Architecture Overview
In a typical setup:
- Frontend: User authenticates via PlayKit SDK, obtains a Player Token
- Backend: Receives the Player Token, validates it, and makes AI calls
┌─────────────┐ Player Token ┌─────────────┐
│ Frontend │ ──────────────────▶ │ Backend │
│ (Browser) │ │ (Node.js) │
└─────────────┘ └─────────────┘
│ │
│ Login │ Validate Token
▼ │ + AI Calls
┌─────────────┐ │
│ PlayKit │ ◀────────────────────────────┘
│ Server │
└─────────────┘Frontend: User Authentication
When no developerToken is provided, the SDK automatically triggers the device authorization flow.

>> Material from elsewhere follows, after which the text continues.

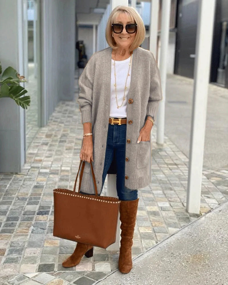 Step into gentle ease with the Mila Cardigan - designed for subtle warmth and timeless appeal. Its clean lines and open-front design create a relaxed silhouette that feels familiar and effortless. A versatile layer you’ll reach for again and again, bringing soft comfort to any moment—season after season.

This opens a browser window for the user to log in via PlayKit:
import { PlayKitSDK } from 'playkit-sdk';
const sdk = new PlayKitSDK({
gameId: 'your-game-id'
// No developerToken = auto triggers device auth flow
});
await sdk.initialize();
// Listen for successful authentication
sdk.on('authenticated', async (authState) => {
// Get the player token to send to your backend
const token = sdk.getToken();
// Send token to your backend for subsequent API calls
await fetch('/api/set-session', {
method: 'POST',
headers: { 'Content-Type': 'application/json' },
body: JSON.stringify({ playerToken: token })
});
});Features:
- Opens browser for secure login (email/phone verification)
- Uses PKCE for security
- Token automatically saved locally for next session
- Works in browser and desktop (Electron) environments
Getting the Current Token
Once authenticated, you can retrieve the token anytime:
// Check if authenticated
if (sdk.isAuthenticated()) {
const token = sdk.getToken();
// Include in API calls to your backend
const response = await fetch('/api/your-endpoint', {
headers: {
'Authorization': `Bearer ${token}`
}
});
}Backend: Token Validation
Your backend needs to validate Player Tokens before processing requests.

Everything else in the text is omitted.